## Work item
What follows is a set of records. Copy them exactly and leave out the images.

======

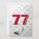 Närbild av vit golfbollsmönster med en golfklubba för en 77-årsdag.
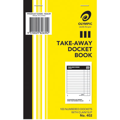 OLYMPIC 402 TAKE-AWAY DOCKET BOOK SINGLE PLY 100 PAGE 93 X 150MM PACK 5
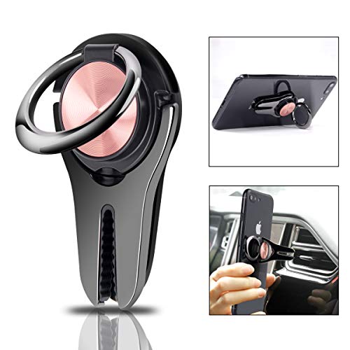 B-Land Phone Ring Holder, 2 in 1 Air Vent Car Phone Mount 360° Rotation Metal Finger Ring Grip Stand Cell Phone Holder for Car, Compatible with All Smartphones (Rose Gold)
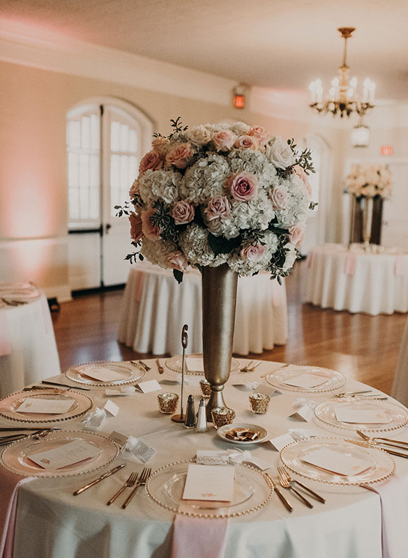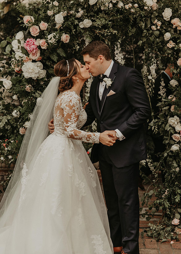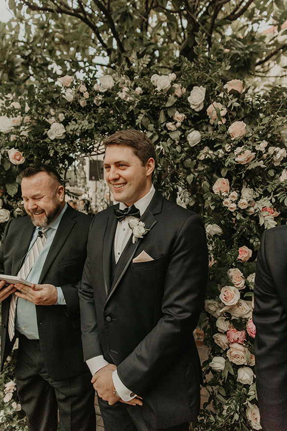 This breathtaking al fresco wedding ceremony caught our attention with the elegant blush pink florals and romantic altar. Alexandria Manglaris and James Gibbs’ wedding is totally swoon-worthy! We are melting over the groom’s face of pure excitement when he saw his stunning bride coming down the aisle – the moment was captured so beautifully by Nikk Nguyen Photo. From the gorgeous ceremony to the elegant reception, Premiere Events was a one-stop-shop for all decor and rentals for the Gibbs’ big day. The only thing that would make scrolling through these beautiful images better would be if we had a slice of that delicious cake from Sweet Treets Bakery! Come take a peek into Mr. and Mrs. Gibbs’ dreamy day below.
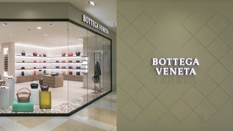 目前全台雖已有11間Bottega Veneta的店面,但這間開設於2005年、位於台中新光三越的店面如今迎來煥然一新的嶄新風貌!不僅外觀牆面漆上了高雅的灰白色石膏,線條交錯形塑出的菱紋樣貌也巧妙呼應著Bottega Veneta的經典編織與其精湛工藝。此外,搭載的大片玻璃落地窗也成功呈現出開放式的摩登意象,即便尚未踏入店內,也可從店外感受到近40坪空間的寬闊感。
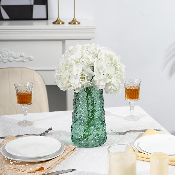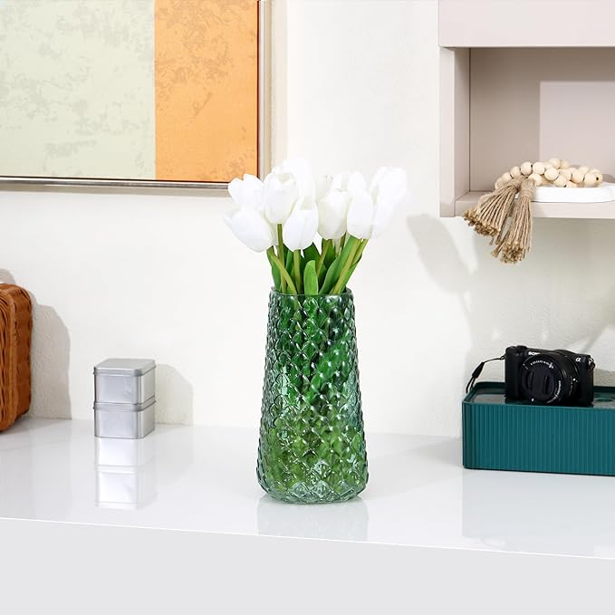 Glass Vase, Green Flower Vase for Bouquet, Large Glass Vases for Flowers, Modern Vases for Living Room, Bedroom, Dining Table, Office, Kitchen, Wedding, 9 Inches
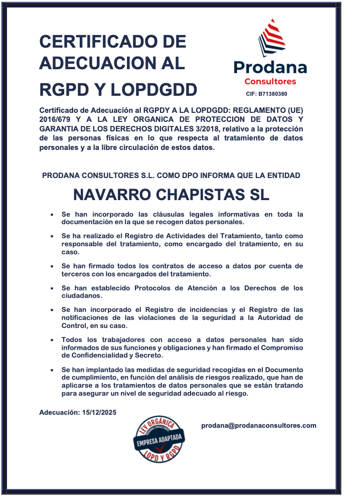 Por ello, y a efectos de lo previsto en el REGLAMENTO (UE) 2016/679 DEL PARLAMENTO EUROPEO Y DEL CONSEJO de 27 de abril de 2016 (en adelante, “RGPD”) y la ley LOPG GDD 3/2018 relativos a la protección de las personas físicas en lo que respecta al tratamiento de datos personales y a la libre circulación de estos datos, y lay la LEY 34/2002, de 11 de julio, de Servicios de la Sociedad de la información y de comercio electrónico (en adelante, “LSSI”),NAVARRO CHAPISTAS SL informa al usuario que, como responsable del tratamiento, incorporará los datos de carácter personal facilitados por los usuarios a los sistemas de tratamiento automatizados de la organización.
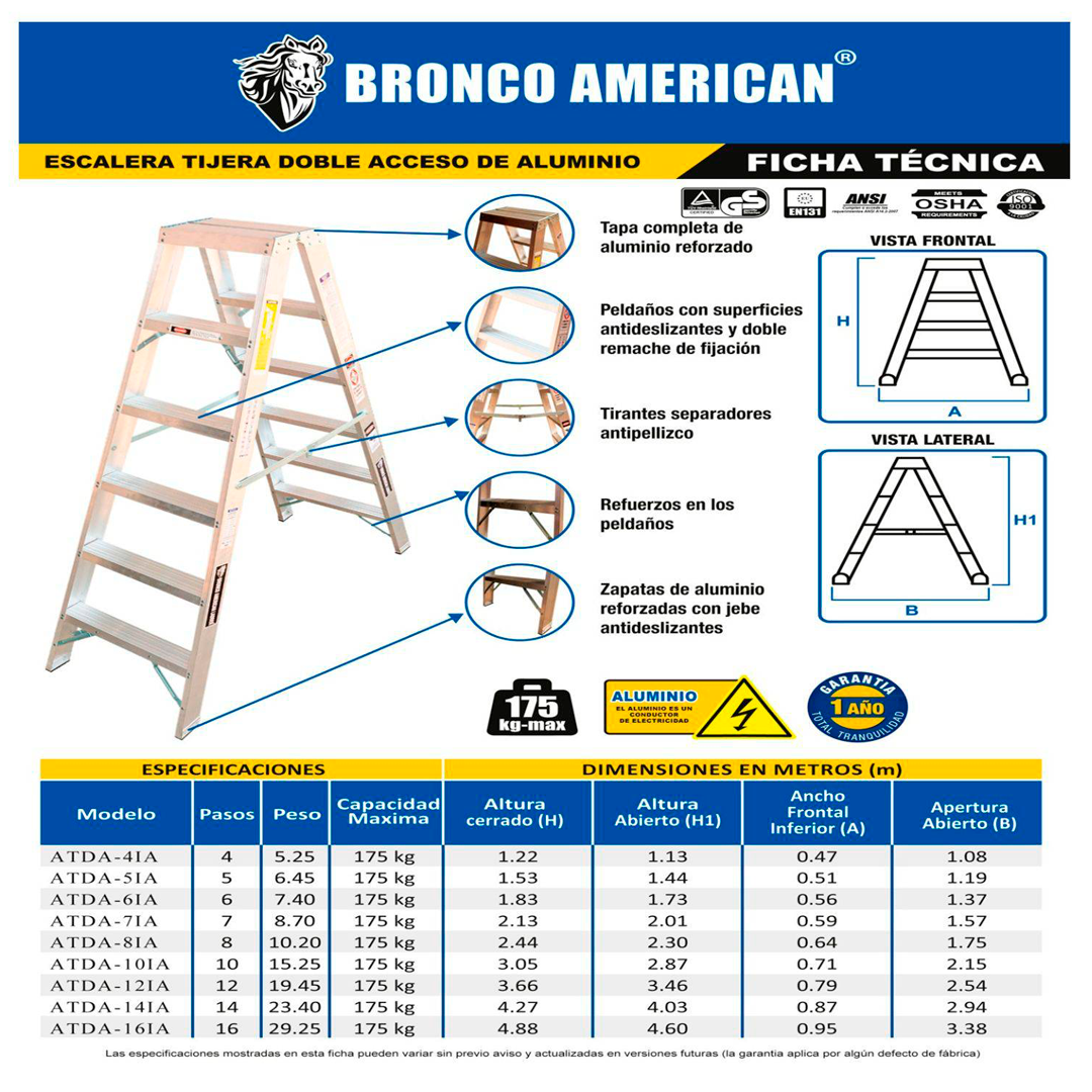 Escalera Aluminio Tijera Doble Ascenso de 6 Pasos-Bronco American Ladder
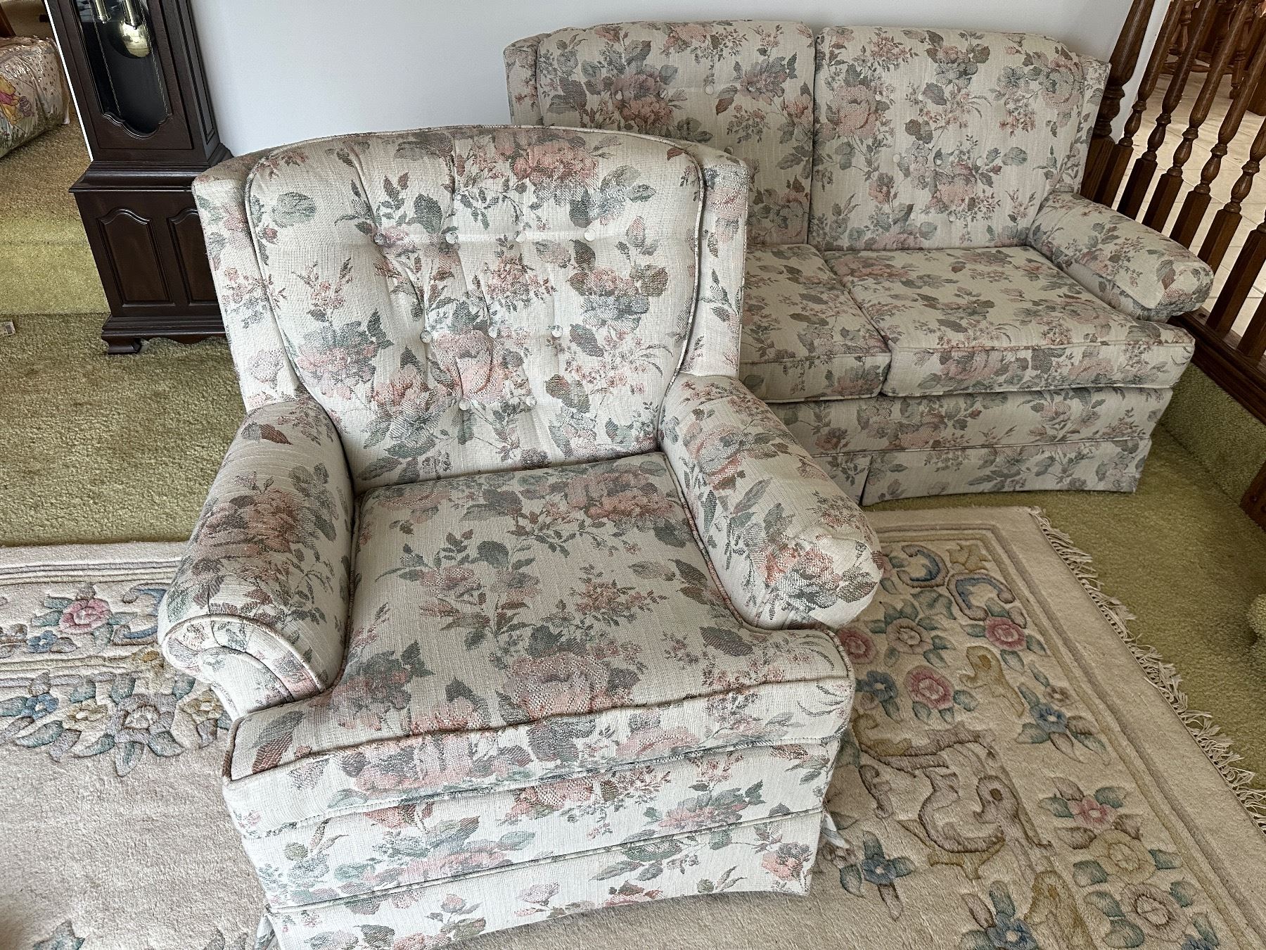 Includes couch, loveseat and chair - Lanark Furniture Corp - Couch 78" long x 34" deep - Loveseat 56" long x 34" deep - Couch 30" wide
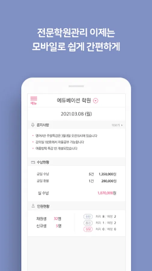 3. Systematic school management is possible through monthly check-in/discharge/attendance status inquiry and daily check-in/discharge/refund management.

======

## Answer to this problem
 Närbild av vit golfbollsmönster med en golfklubba för en 77-årsdag.
 OLYMPIC 402 TAKE-AWAY DOCKET BOOK SINGLE PLY 100 PAGE 93 X 150MM PACK 5
 B-Land Phone Ring Holder, 2 in 1 Air Vent Car Phone Mount 360° Rotation Metal Finger Ring Grip Stand Cell Phone Holder for Car, Compatible with All Smartphones (Rose Gold)
 This breathtaking al fresco wedding ceremony caught our attention with the elegant blush pink florals and romantic altar. Alexandria Manglaris and James Gibbs’ wedding is totally swoon-worthy! We are melting over the groom’s face of pure excitement when he saw his stunning bride coming down the aisle – the moment was captured so beautifully by Nikk Nguyen Photo. From the gorgeous ceremony to the elegant reception, Premiere Events was a one-stop-shop for all decor and rentals for the Gibbs’ big day. The only thing that would make scrolling through these beautiful images better would be if we had a slice of that delicious cake from Sweet Treets Bakery! Come take a peek into Mr. and Mrs. Gibbs’ dreamy day below.
 目前全台雖已有11間Bottega Veneta的店面,但這間開設於2005年、位於台中新光三越的店面如今迎來煥然一新的嶄新風貌!不僅外觀牆面漆上了高雅的灰白色石膏,線條交錯形塑出的菱紋樣貌也巧妙呼應著Bottega Veneta的經典編織與其精湛工藝。此外,搭載的大片玻璃落地窗也成功呈現出開放式的摩登意象,即便尚未踏入店內,也可從店外感受到近40坪空間的寬闊感。
 Glass Vase, Green Flower Vase for Bouquet, Large Glass Vases for Flowers, Modern Vases for Living Room, Bedroom, Dining Table, Office, Kitchen, Wedding, 9 Inches
 Por ello, y a efectos de lo previsto en el REGLAMENTO (UE) 2016/679 DEL PARLAMENTO EUROPEO Y DEL CONSEJO de 27 de abril de 2016 (en adelante, “RGPD”) y la ley LOPG GDD 3/2018 relativos a la protección de las personas físicas en lo que respecta al tratamiento de datos personales y a la libre circulación de estos datos, y lay la LEY 34/2002, de 11 de julio, de Servicios de la Sociedad de la información y de comercio electrónico (en adelante, “LSSI”),NAVARRO CHAPISTAS SL informa al usuario que, como responsable del tratamiento, incorporará los datos de carácter personal facilitados por los usuarios a los sistemas de tratamiento automatizados de la organización.
 Escalera Aluminio Tijera Doble Ascenso de 6 Pasos-Bronco American Ladder
 Includes couch, loveseat and chair - Lanark Furniture Corp - Couch 78" long x 34" deep - Loveseat 56" long x 34" deep - Couch 30" wide
 3. Systematic school management is possible through monthly check-in/discharge/attendance status inquiry and daily check-in/discharge/refund management.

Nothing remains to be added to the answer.